▸ **Problem details**:
The lines in the listing below are to be given again exactly, starting at the line holding "Diversity ranking of" and ending at the line holding "В модели Inscale". Do not include pictures.
===== Given entries
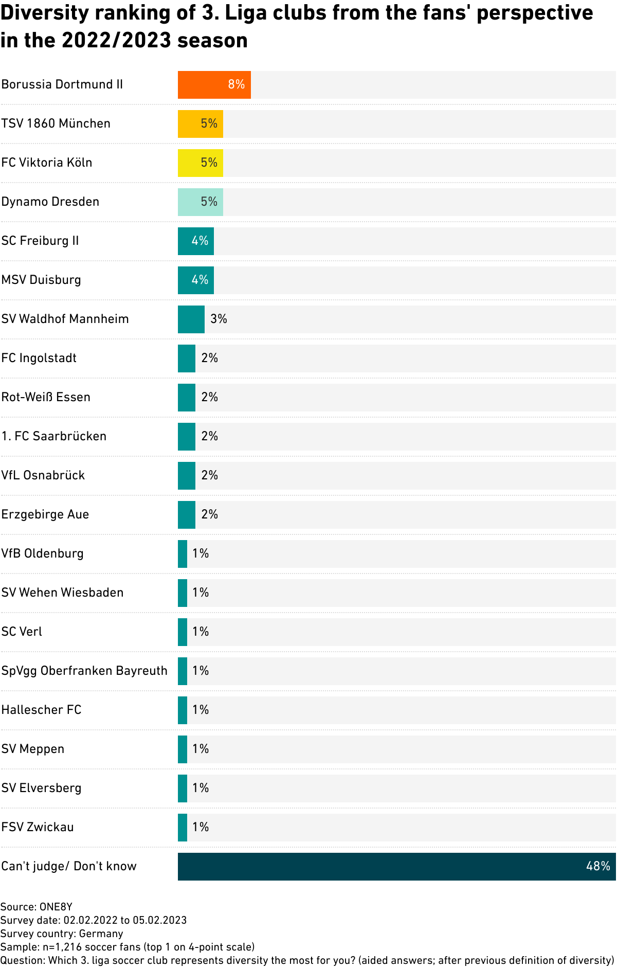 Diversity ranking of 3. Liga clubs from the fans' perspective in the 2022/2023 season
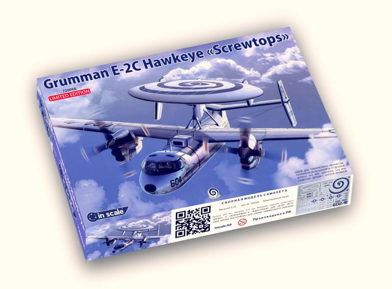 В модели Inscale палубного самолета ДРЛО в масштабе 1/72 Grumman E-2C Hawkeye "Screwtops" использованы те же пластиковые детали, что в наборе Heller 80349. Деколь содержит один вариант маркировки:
==========
===== Given entries
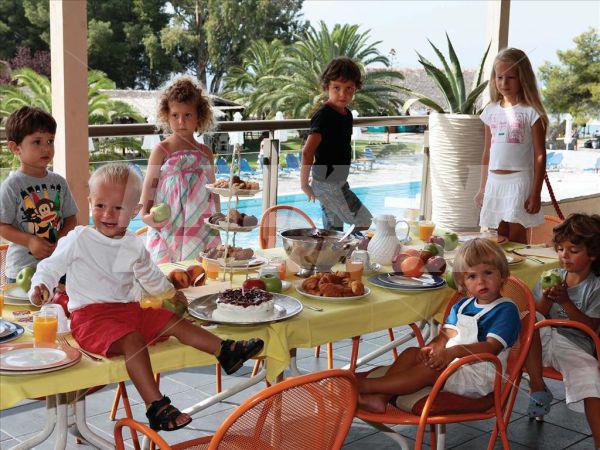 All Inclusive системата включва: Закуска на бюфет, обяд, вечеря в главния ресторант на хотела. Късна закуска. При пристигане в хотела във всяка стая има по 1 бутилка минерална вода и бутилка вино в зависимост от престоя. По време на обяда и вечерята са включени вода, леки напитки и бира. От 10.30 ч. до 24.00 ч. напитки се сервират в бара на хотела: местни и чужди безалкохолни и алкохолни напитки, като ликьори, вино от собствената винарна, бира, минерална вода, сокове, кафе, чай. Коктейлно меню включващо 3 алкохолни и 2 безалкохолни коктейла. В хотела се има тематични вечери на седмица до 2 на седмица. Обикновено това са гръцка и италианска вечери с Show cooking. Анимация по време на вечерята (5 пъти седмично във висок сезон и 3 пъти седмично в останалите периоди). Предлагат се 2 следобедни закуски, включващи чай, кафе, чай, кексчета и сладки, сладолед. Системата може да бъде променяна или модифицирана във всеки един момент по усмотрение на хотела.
==========
▸ **Task result**:
 Diversity ranking of 3. Liga clubs from the fans' perspective in the 2022/2023 season
 В модели Inscale палубного самолета ДРЛО в масштабе 1/72 Grumman E-2C Hawkeye "Screwtops" использованы те же пластиковые детали, что в наборе Heller 80349. Деколь содержит один вариант маркировки:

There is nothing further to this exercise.